I push up from the ground, dusting dirt from my hands on my way back toward the house. Jude is still on the porch, a fresh cigarette in his hand and a smirk on his face that infuriates me. “Get lost?”
Instead of answering, I take the ID from my pocket and hand it to him. “I worked seven years to be a doctor. I’m not throwing that away.”
He takes a slow drag from his cigarette and damn him for making something so unhealthy look attractive. “Hate to tell you, you’re never getting that back.”
“Oh, I will. Just as soon as you kill Tom.”
“You have no idea how any of this works. Just because I kill him doesn’t mean you get your life back.

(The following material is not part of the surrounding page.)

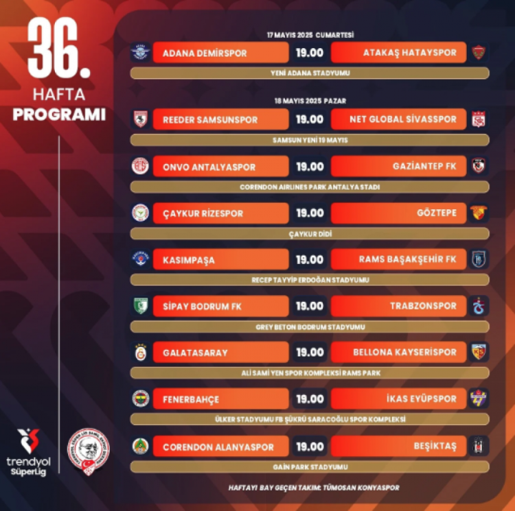 TFF'den yapılan açıklamada, "Trendyol Süper Lig Şamil Ekinci Sezonu'nda 36. hafta müsabakalarına ilişkin program açıklanmıştır. Daha önceki sezonlarda olduğu gibi ligin son 3 haftasında birbirini ilgilendiren maçlar aynı gün ve saatlerde oynatılacaktır." denildi.

You’re dead, Victoria.” He flicks the butt of his cigarette across the yard, then takes the piece of plastic from my hand.
“And when Tom’s gone, I’ll pop up and be undead, Jude.”
A flicker of amusement crosses his green eyes. “You don’t wanna be Sarah Jones? Fine.” He holds up the ID between his fingers and folds it in two. “But the sooner you accept you’ll never be Victoria Deveaux again, the better off you’re gonna be.”
That is a reality I refuse to accept. “I can’t...” My voice cracks, and it feels like I’m on the verge of breaking until he pulls me against his chest. I cling to him like he’s a life raft in the stormy sea of my ruined life, but he’s more like an island, one I’m trapped on. One I don’t think I want to be rescued from. I tell myself I came back because if he kills Tom, I can have my old life again. But it’s more than that.
After a few moments, he unwinds his arms from around me, then cups my face in his rough hands. “I didn’t want you to leave.”
And that might be the worst part of all because as messed up as it is for me to feel any kind of pull toward him, I know he feels it, too. We’re two people who have been thrown into each other’s paths, and I’m not sure how much longer I can fight this.